At Rex, we firmly believe machine learning is a critical enabler to scale our products. We made early investments in machine learning that are already paying off. Our MLOps team functions as an extension of the core operations team and owns the full life cycle of every machine learning initiative, from framing the problem, assessing data readiness and model training to developing integrations and production deployment. They not only understand the nuances of operations, but are also involved in data collection and labeling efforts. The tight collaboration between MLOps, engineering and product teams has made it possible for us to get our machine learning models into production at a record pace.
Machine learning is a critical enabler to scale our products.”
What are the main barriers to entry for teams looking to adopt MLOps practices?
Establishing key performance indicators tied to outcomes is crucial in enabling buy-in from end users and leaders. At Rex, we achieved this by tying initiatives to business outcomes, like driving automation and improving job quality or customer experience. Our MLOps teams are measured both on accuracy and coverage of models.

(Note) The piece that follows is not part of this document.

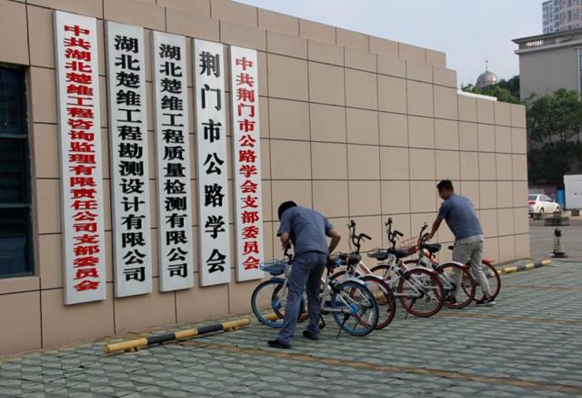 辖区单位每天整理公司门口共享单车,方便他人使用

Don’t underestimate the importance of data quality, as the accuracy of machine learning models is only as good as the data used for training the models. Our MLOps validates ground truth within the model training datasets.
Keep the scope narrow when scoping out new machine learning initiatives. We account for variability and experiment with a few models until we achieve the desired levels of accuracy. In some cases, ensemble models yield more accurate outcomes.
Containerization and endpoint integration offset the rigidity of open source model outputs; we use containerization and APIs to minimize the effort required by our back-end engineering team.
Lines get blurry during production deployment between DevOps, machine learning and data engineering teams. This is in part due to the novelty of machine learning for most organizations, combined with the shortage of ML product managers. At Rex, our MLOps leaders bridge this gap.
How has the nature of your day-to-day work changed since you started implementing MLOps methodologies?
Most organizations are still figuring out efficient ways to implement MLOps methodologies, and there isn’t a set path. While Rex’s MLOps team is still not optimized, we’re getting better at tracking and automating ad-hoc tasks through each production cycle. We’re now in a rhythm of accurately forecasting efforts, tracking tasks and including machine learning initiatives as part of our sprint cycles. This is especially important for us now as we develop more complex AI and machine learning models, including our computer vision and natural language processing initiatives.